System 1 includes 9 health centers providing primary care, urgent care, and specialty services, as well as a consortium of nonprofit community health centers with 19 primary care clinics. System 1 achieved sustained implementation success, rolling out e-consults across 3 to 4 specialties each quarter from March 2016 through February 2018. System 1 was unique compared with systems 2 and 3 because e-consults were required as part of the workflow for all specialty referrals. From January to June 2018, 8000 e-consults were completed, with about 23% virtually comanaged (ie, patients received care via their PCC without an in-person specialty visit). Prior to e-consult implementation, about 45% of referrals were lost or lapsed longer than 3 months, frustrating patients and their PCCs, and wait times for some specialist appointments were longer than 6 months. In contrast, specialists’ average response time to an e-consult was less than 24 hours, exceeding organizational goals.

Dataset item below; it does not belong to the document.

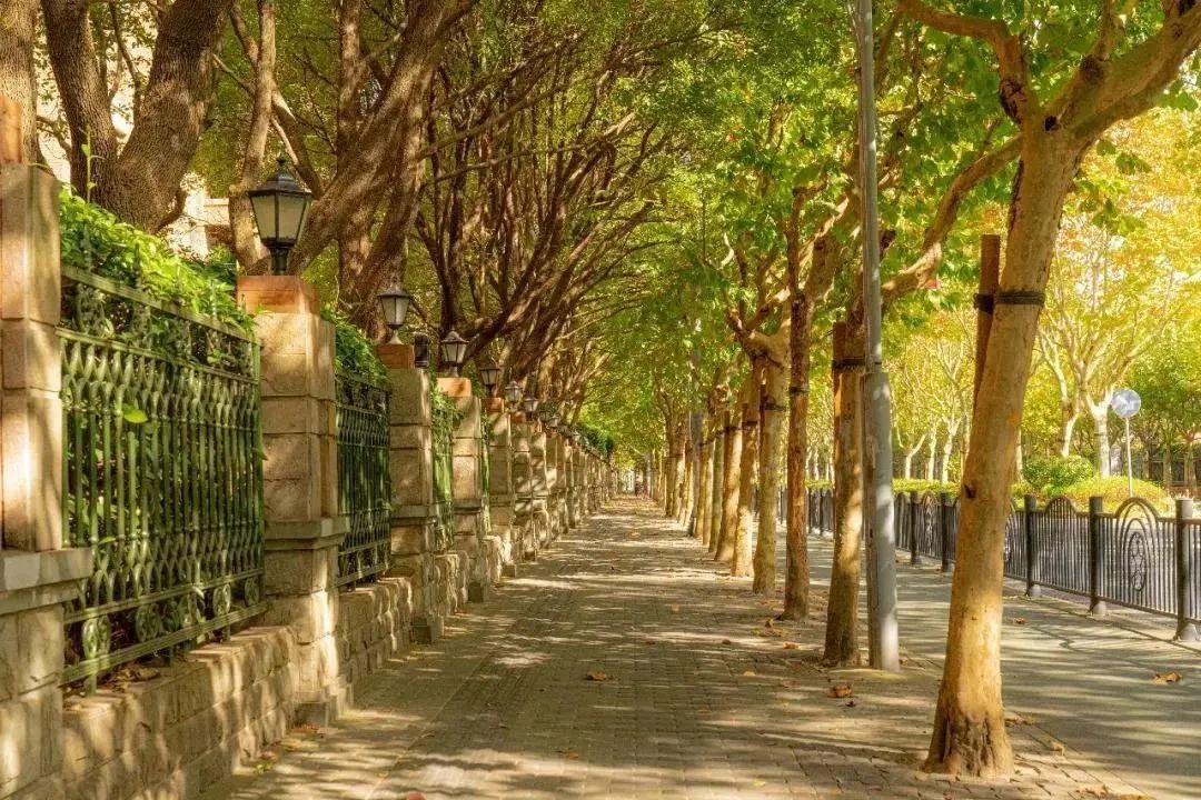 各类花园洋房与沿途的梧桐树,

Interviews revealed that system 1 specialists—already a part of an internal network within the health system—“really drove this initiative…and helped to identify roadblocks and work through them.” Setting aside time, including some clinical time, was essential to getting e-consults “off the ground.” In addition, clinicians in system 1 are salaried, requiring dedicated time to respond to e-consults.

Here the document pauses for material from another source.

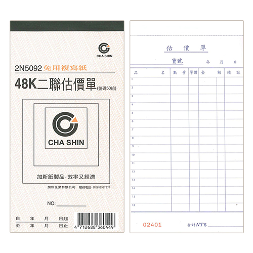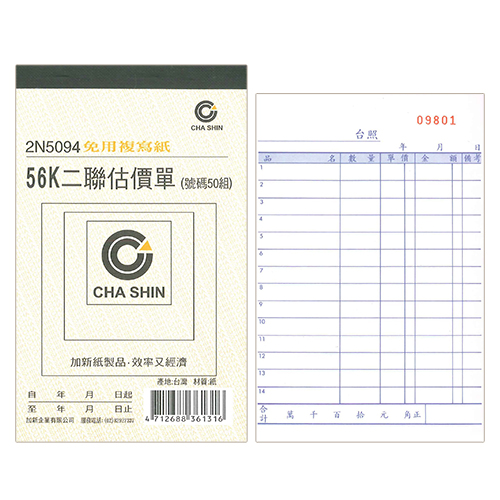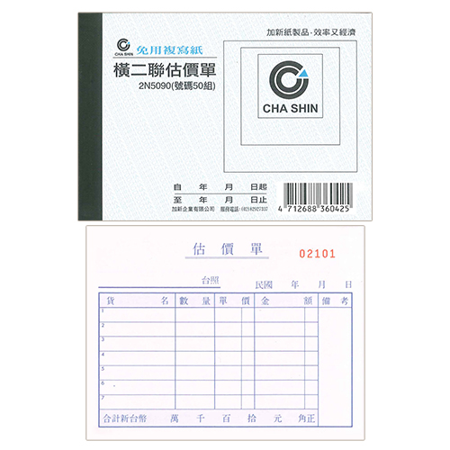 CHA SHIN 加新 2N5090 64K非碳橫二聯估價單 (50組) 93x133mm

E-consults were implemented by making changes within the existing EHR system. The implementation process included weekly leadership meetings with the chief medical informatics officer, the director of specialty care, the director of ambulatory care, and a leader from the community health center consortium. In addition, monthly meetings with a steering committee reviewed data, collaboratively decided when to extend e-consult to new specialties, and coordinated workflow and trainings. The ambulatory care director noted, “The real key is getting people together in person to discuss what’s happening with e-consult. What are the ongoing challenges? What are the successes?” Physician-to-physician communication was key, whereas communication from nonphysicians was less effective.

System 2

System 2 includes 5 hospitals and a network of neighborhood-based clinics, including a community health center network. System 2 began rollout in June 2016 and chose a hybrid implementation approach to incorporate both internal (salaried) specialists and external (contracted) specialists. Criteria for early-adopter specialties included a high volume of referrals, a long wait time for in-person specialty care visits, and already-occurring curbside consults. Overall, the system achieved sustained yet fragmented implementation. Implementation began among specialists already using an internal EHR platform, which generated 63% of the e-consult volume (553 of 880 e-consults between January and June 2018). The remaining 37% of e-consult volume (327 of 880) for January to June 2018 was generated from an external e-consult platform. The external platform was added about 1½ years after initial implementation to connect community health centers that rely on a different EHR and also to provide access to specialty expertise not readily available locally.

Of the 9 specialties that implemented e-consult, 3 specialties reported an average volume of greater than 10 e-consults per month: cardiology, endocrinology, and gastroenterology/hepatology. Cardiology received the most e-consult requests, 76% of which were comanaged without requiring an in-person specialist visit. Response times for cardiology ranged from an average of 6 hours in May to 6 days in June (3 days average for January-June 2018).

Although 1 interviewee indicated that e-consult implementation was a top priority for the chief medical officer, another interviewee cited lack of primary leadership focus amid other competing priorities. Both acknowledged leadership turnover as an implementation challenge. Many clinicians viewed e-consults as an additional uncompensated task because contracts had not changed to recognize dedicated time for e-consult completion.